My competition was really good. It was obvious they had practiced in a normal American accent and hadn't goofed off with their friends. I was sure I knew who got 1st and 2nd when it was time to go into the large auditorium for the awards presentation. When they got to my category, my stomach clenched. Mrs. J looked over at me with her big smile. I shook my head to convey to her to not get her hopes up. There was NO WAY I won anything. They called out 3rd place. Then 2nd place. It was a girl that I knew for sure had won. She was amazing and her performance had been excellent! I frowned and whispered this to my classmate next to me, and that's when I heard my name announced.

Yes, I got the first place trophy. I still have it to this day. It is displayed in my closet but I see it every day. I ended up getting a college degree in communications. I have given countless speeches and presentations professionally. There is no doubt that Mrs. J changed my life profoundly.

Mrs. J's funeral was like a reunion. I graduated with only 67 people so I even knew the people in classes on either side of mine. What occurred to me during the several presentations made by classmates was that I wasn't the only one who felt picked out and special by Mrs. J. She made everyone feel that way. The stories told were touching and funny. It was a wonderful tribute to an incredible lady.

I always thought I would be an English teacher. The only reason I changed majors was due to the pitiful amount they pay teachers. I am rethinking that now. I would like to know that I helped people and touched people's lives. Not sure what avenue I will take or when.

This poem by Robert Frost was in the funeral pamphlet:

Nature's first green is gold,
Her hardest hue to hold.
Her early leaf's a flower;
But only so an hour.
Then leaf subsides to leaf.
So Eden sank to grief,
so dawn goes down to day.
Nothing gold can stay.

Someday at my funeral service, I hope people remember me as someone who at least attempted to live her life achieving gold status.


  • It is my sincere hope that everyone gets a teacher who touches their life. Mine was Miss Burris in 3rd grade. No matter how old I get, I will always see her through the eyes of my eight year old self. She was magical.

    By Blogger Tink, at 2/16/2009 2:21 PM  

  • What wonderful memories! Teachers really are unsung heroes.

    By Blogger southernsunflowers, at 2/16/2009 2:38 PM  

  • What a beautiful story. That's really wonderful that so many of you were able to make it to her funeral. It just illustrates how much lifelong impact a good teacher can have on the life of a child. This is why good teachers are worth their weight in gold. And should be paid accordingly by our society!!

    By Blogger teahouse, at 2/17/2009 8:18 AM  

  • Honestly, this post has left me feeling weepy.
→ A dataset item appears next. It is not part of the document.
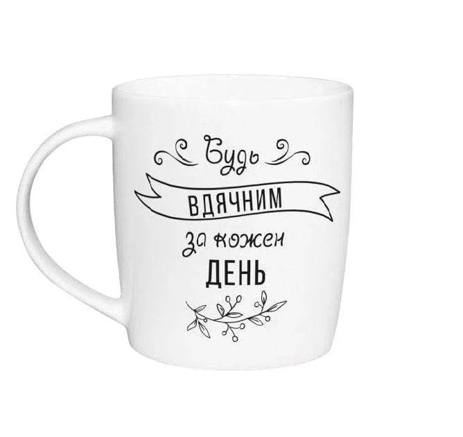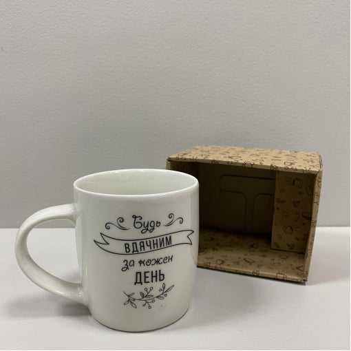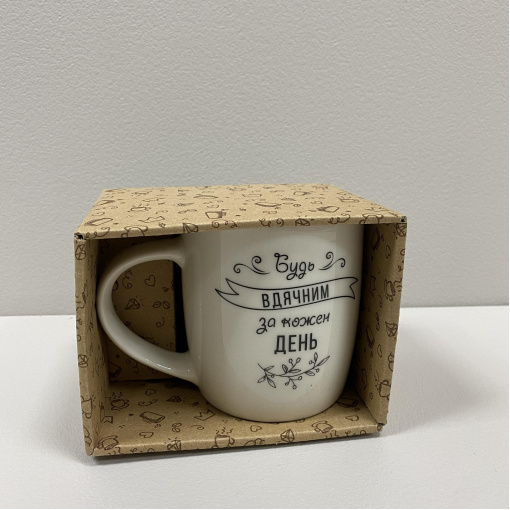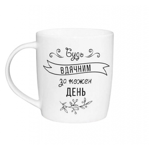 Чашка керамічна 360 мл "Будь вдячним" подарункова коробка Kvarta 1813 бочка Характеристика: Вид: Чашка Матеріал: Кераміка Об'єм: 360 мл Колір: Білий Декор: З надписом Висота: 9 см Діаметр: 8,2 см

My mum was a teacher, and several of her students contacted me either at her funeral or after she'd died to relay stories like this to me. It touched me in ways I can't express.

    Thank you for sharing Mrs. J with us.

    By Blogger mamatulip, at 2/17/2009 6:37 PM  

  • A lovely, lovely tribute, Deb. I became an English teacher BECAUSE of the wonderful English teachers I had in life. I'm still in touch with a couple of them. Mrs. J would be honored by your words.

    By Anonymous apathy lounge, at 2/18/2009 8:21 AM  

  • Hello Debbie...I'm so sad to hear of Mrs. J. She really was larger than life and an excellent teacher. Gosh I remember the speech contests! Do you remember my duo with one of the Todd's? We did "My Fair Lady" and I was Eliza Doolittle. She worked and worked with me on my 'cotny' accent. We too were suprised to hear our name called for an award. Then, do you remember going to Fort Worth for the 'big' contest!! Mrs. J shaparoned that trip....YIKES!! A bunch of High School kids in a hotel away from home. She was a brave woman!! I have very fond memories of her & am so glad you were able to be there to pay your respects. Teachers are people who enter their line of work well aware of the pittiful pay but know there payment will come in a much more valuable form....they touch the future. Rest in Peace Mrs. J. As a fellow teacher, I am humbled by her effect on so many.

    By Anonymous Carol, at 2/19/2009 6:54 PM  

  • Like Mama T my mother was a teacher and after her death several of her students told me what she meant to them. Pass this lovely story along to Mrs. Js family if you can. It will touch them.